• Work task: An exact transcription of each entry below is required, without any pictures.

============================================================

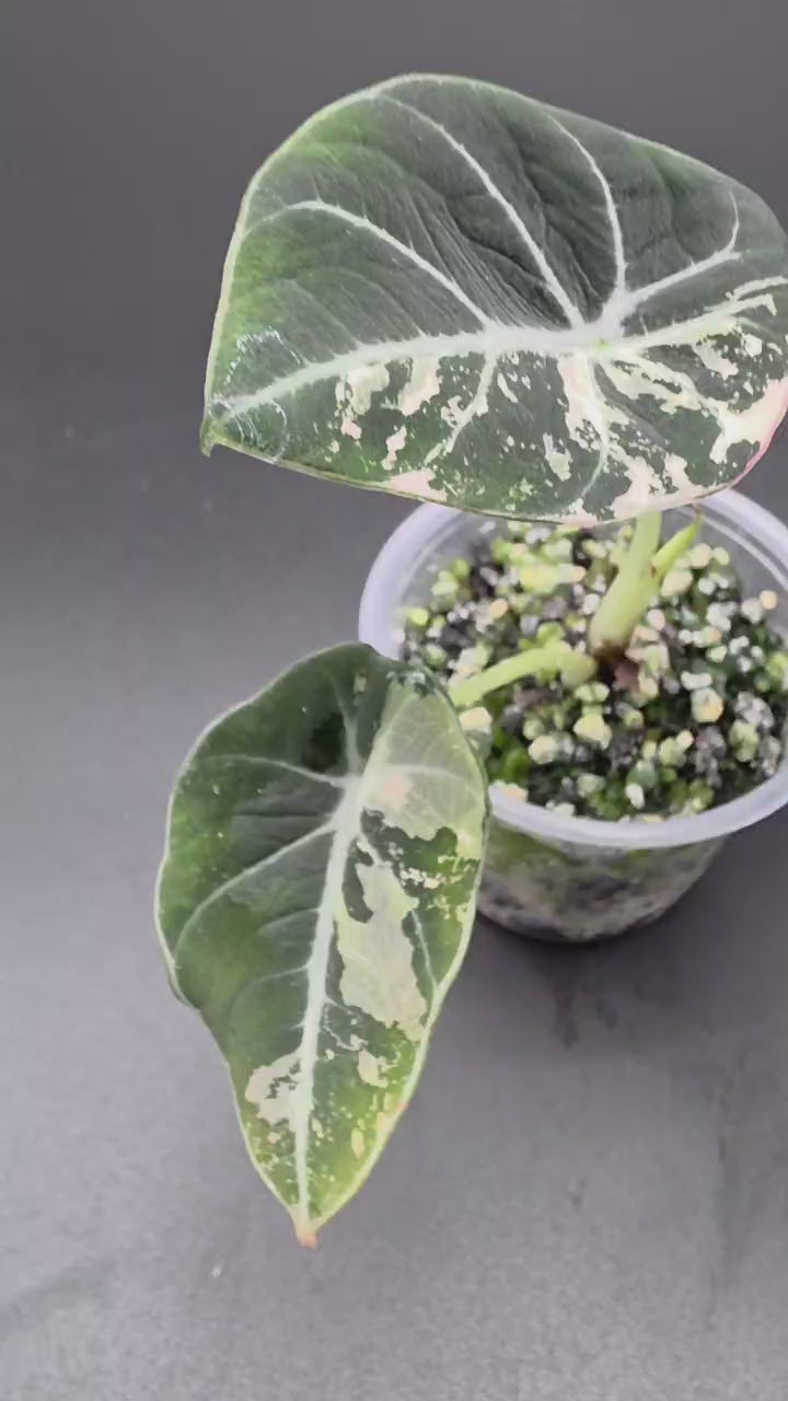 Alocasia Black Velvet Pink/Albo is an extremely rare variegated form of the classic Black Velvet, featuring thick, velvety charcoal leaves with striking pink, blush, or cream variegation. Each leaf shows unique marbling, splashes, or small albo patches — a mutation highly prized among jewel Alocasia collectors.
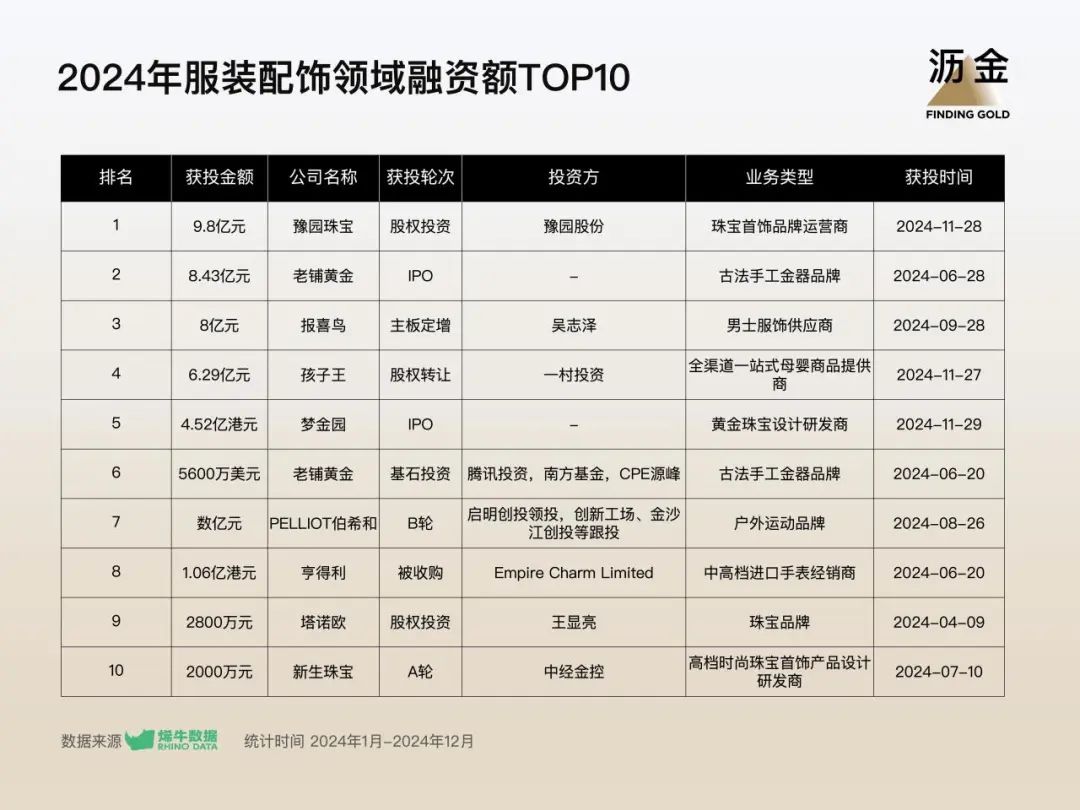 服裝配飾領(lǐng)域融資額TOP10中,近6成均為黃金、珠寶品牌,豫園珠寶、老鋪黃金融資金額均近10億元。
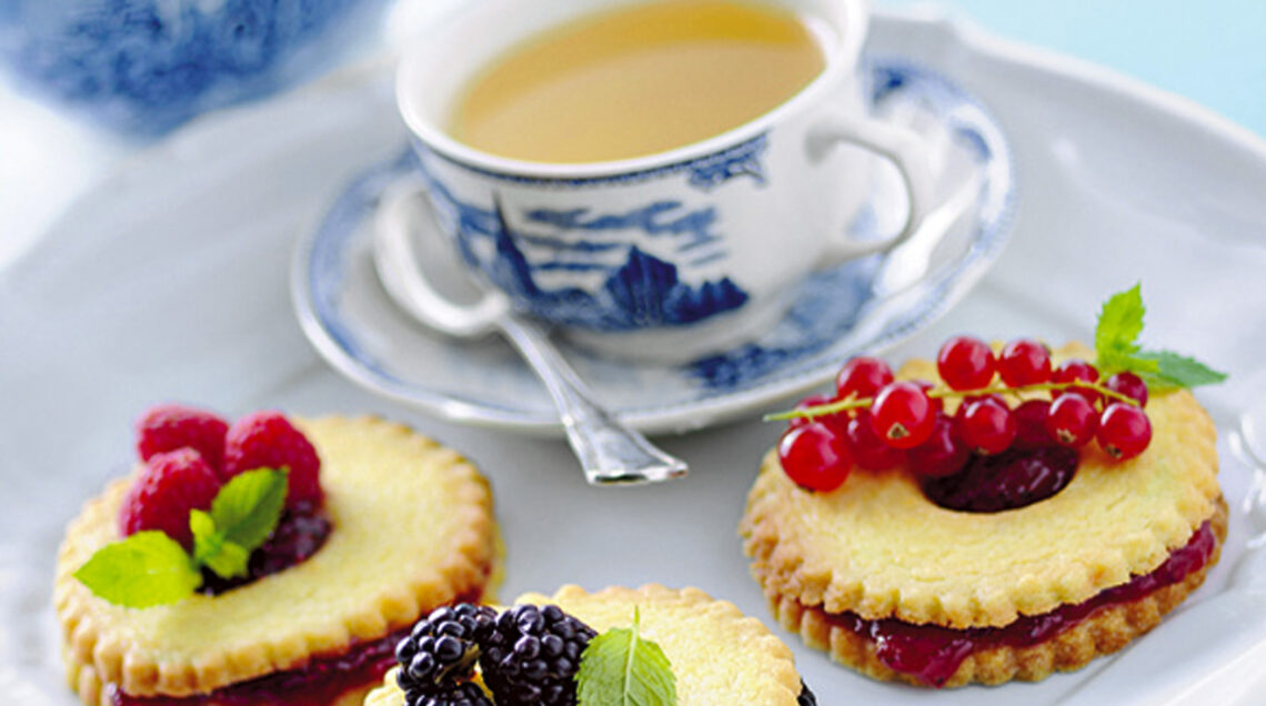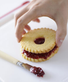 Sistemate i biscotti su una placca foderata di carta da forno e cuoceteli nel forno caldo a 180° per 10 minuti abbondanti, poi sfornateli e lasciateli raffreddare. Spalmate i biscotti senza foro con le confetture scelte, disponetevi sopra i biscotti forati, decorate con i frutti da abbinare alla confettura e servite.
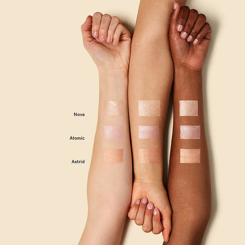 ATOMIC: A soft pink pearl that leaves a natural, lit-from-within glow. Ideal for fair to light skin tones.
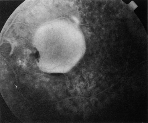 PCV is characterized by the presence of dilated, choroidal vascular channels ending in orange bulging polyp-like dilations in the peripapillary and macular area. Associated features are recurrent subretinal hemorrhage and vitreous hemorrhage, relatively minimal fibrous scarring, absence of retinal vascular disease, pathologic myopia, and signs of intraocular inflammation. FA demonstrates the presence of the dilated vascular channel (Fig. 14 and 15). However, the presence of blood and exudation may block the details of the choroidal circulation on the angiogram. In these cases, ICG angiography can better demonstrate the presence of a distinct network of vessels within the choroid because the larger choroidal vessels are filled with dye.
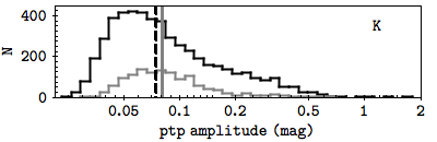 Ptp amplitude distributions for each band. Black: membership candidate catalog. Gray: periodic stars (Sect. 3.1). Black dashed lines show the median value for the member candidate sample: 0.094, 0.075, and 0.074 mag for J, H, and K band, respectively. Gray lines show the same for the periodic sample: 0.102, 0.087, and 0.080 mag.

============================================================

• Solution to this task:
 Alocasia Black Velvet Pink/Albo is an extremely rare variegated form of the classic Black Velvet, featuring thick, velvety charcoal leaves with striking pink, blush, or cream variegation. Each leaf shows unique marbling, splashes, or small albo patches — a mutation highly prized among jewel Alocasia collectors.
 服裝配飾領(lǐng)域融資額TOP10中,近6成均為黃金、珠寶品牌,豫園珠寶、老鋪黃金融資金額均近10億元。
 Sistemate i biscotti su una placca foderata di carta da forno e cuoceteli nel forno caldo a 180° per 10 minuti abbondanti, poi sfornateli e lasciateli raffreddare. Spalmate i biscotti senza foro con le confetture scelte, disponetevi sopra i biscotti forati, decorate con i frutti da abbinare alla confettura e servite.
 ATOMIC: A soft pink pearl that leaves a natural, lit-from-within glow. Ideal for fair to light skin tones.
 PCV is characterized by the presence of dilated, choroidal vascular channels ending in orange bulging polyp-like dilations in the peripapillary and macular area. Associated features are recurrent subretinal hemorrhage and vitreous hemorrhage, relatively minimal fibrous scarring, absence of retinal vascular disease, pathologic myopia, and signs of intraocular inflammation. FA demonstrates the presence of the dilated vascular channel (Fig. 14 and 15). However, the presence of blood and exudation may block the details of the choroidal circulation on the angiogram. In these cases, ICG angiography can better demonstrate the presence of a distinct network of vessels within the choroid because the larger choroidal vessels are filled with dye.
 Ptp amplitude distributions for each band. Black: membership candidate catalog. Gray: periodic stars (Sect. 3.1). Black dashed lines show the median value for the member candidate sample: 0.094, 0.075, and 0.074 mag for J, H, and K band, respectively. Gray lines show the same for the periodic sample: 0.102, 0.087, and 0.080 mag.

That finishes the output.